I have three types of summary score, $a, b$ and $c$ for 200 samples.
$S1, S2, S3,…, S200$
$a_{s1}, a_{s2}, …, a_{s200}$
$b_{s1}, b_{s2}, …, b_{s200}$
$c_{s1}, c_{s2}, …, c_{s200}$
Each of these scores is essentially the number of times that some event occurs in the data of each sample. I wish to find groups of these samples by correlation-based clustering. However, the scales for each of these scores are very different:
Summary of $a$:
Min. 1st Qu. Median Mean 3rd Qu. Max.
2.0 36.0 55.0 52.5 69.0 139.0
Summary of $b$:
Min. 1st Qu. Median Mean 3rd Qu. Max.
8.0 99.5 285.0 292.7 737.5 2624.0
Summary of $c$:
Min. 1st Qu. Median Mean 3rd Qu. Max.
40.0 111.0 176.0 300.4 554.5 779.0
Should I have to normalize the scores? If so, how?

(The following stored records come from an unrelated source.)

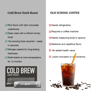 بدون ماكينة، فقط افتح الكبسولة، امزجها مع الماء البارد أو الحليب، واستمتع بنكهة قوية ومنعشة في أي وقت.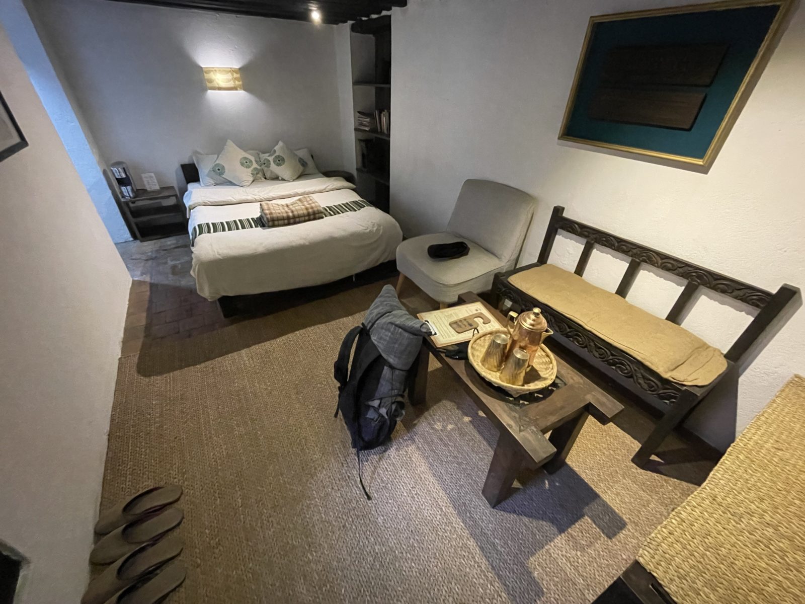 Někdy po druhé odpoledne jedem. O půl 4. jsem konečně ubytovaný v Bhaktapuru. Jsem v takovém hezkém hotýlku, kde jsem byl i minule. Je na jednom z náměstí v historickém centru, je to tu krásný. Akorát teda jsem nějak od minula zapomněl, že je uvnitř dost chladno. V létě by byl chládek super, ale teď to není nic moc. Venku je přes den tak 18, možná i ke 20, ale uvnitř je spíš tak 13 nebo 14. Možná kvůli tomuhle příště zvolím spíš nějaký normální guest house, který má hodně oken a přes den se prohřeje. Ale není to žádná tragédie, dá se to.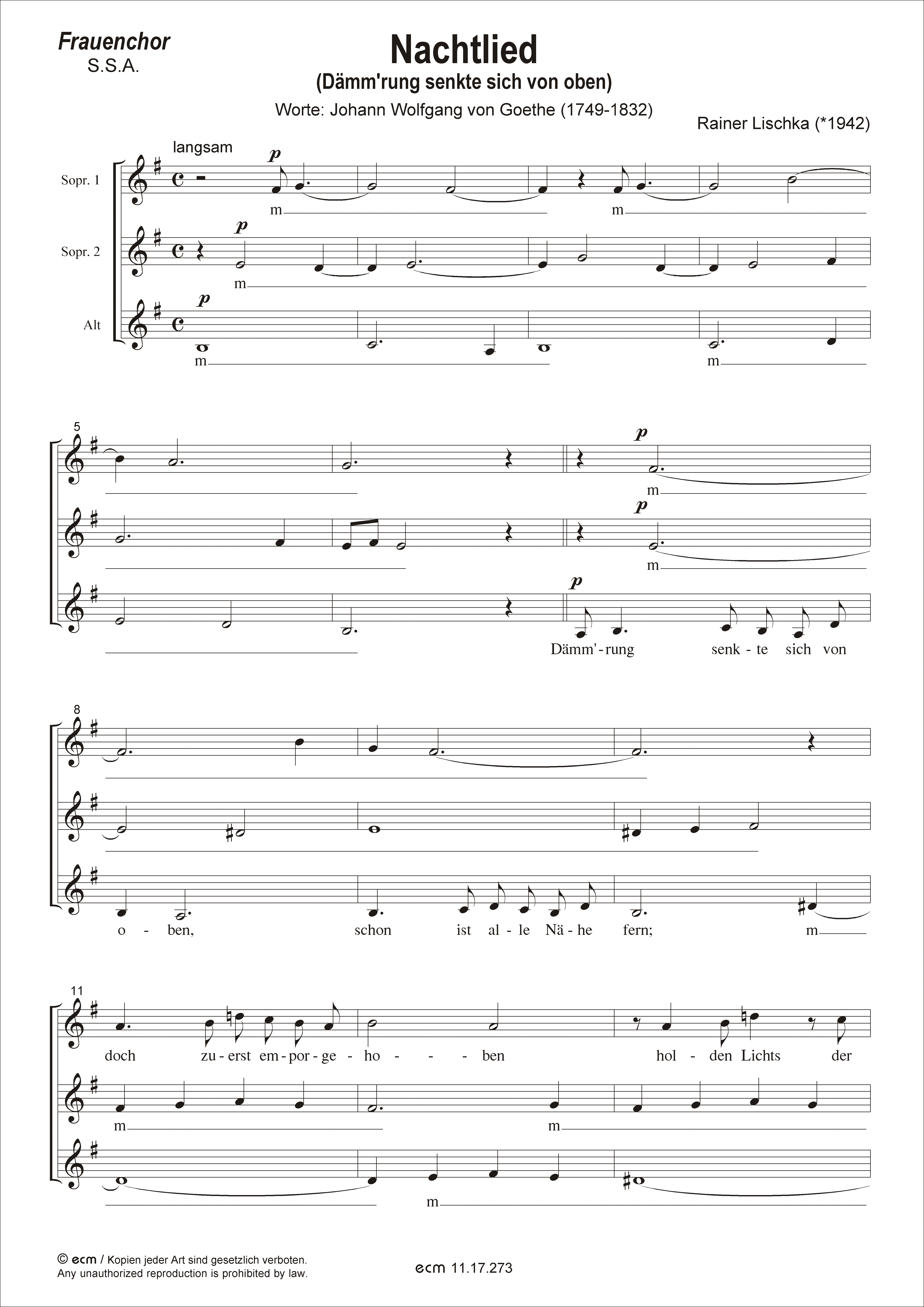 scoring: S.S.A. / lyrics: Johann Wolfgang von Goethe (1749-1832)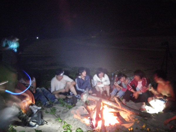 众人席沙而坐,齐唱(朋友),各人的热情也点燃起来。

NB. I want to make no assumptions about the dependence or independence between these types of events and hence between these summary scores.
UPDATE:
So, I've decided to try clustering with Euclidean. In order to get normalized and transformed data, I'm doing the following:
1. test whether scores fit a normal distribution with Shapiro test
-
if not, then do a boxcox transformation using $\lambda$ from a boxcoxfit
-
get z-score for each score
-
cluster with euclidean distance measure
Does this seem reasonable?
Best Answer
Clustering in general requires a similarity metric to compute a partitioning of your data. Do you know how to compute the similarity of $\vec{a}$ to $\vec{b}$? Whether you need normalization or not will mainly depend on this question. If you don't have such a metric/measure, and you want to go with the regular Euclidean distance, normalizing your data -- bringing each variable to zero mean and unit variance -- would be recommended. Because if you don't, the scores with the largest range will dominate the distance computation.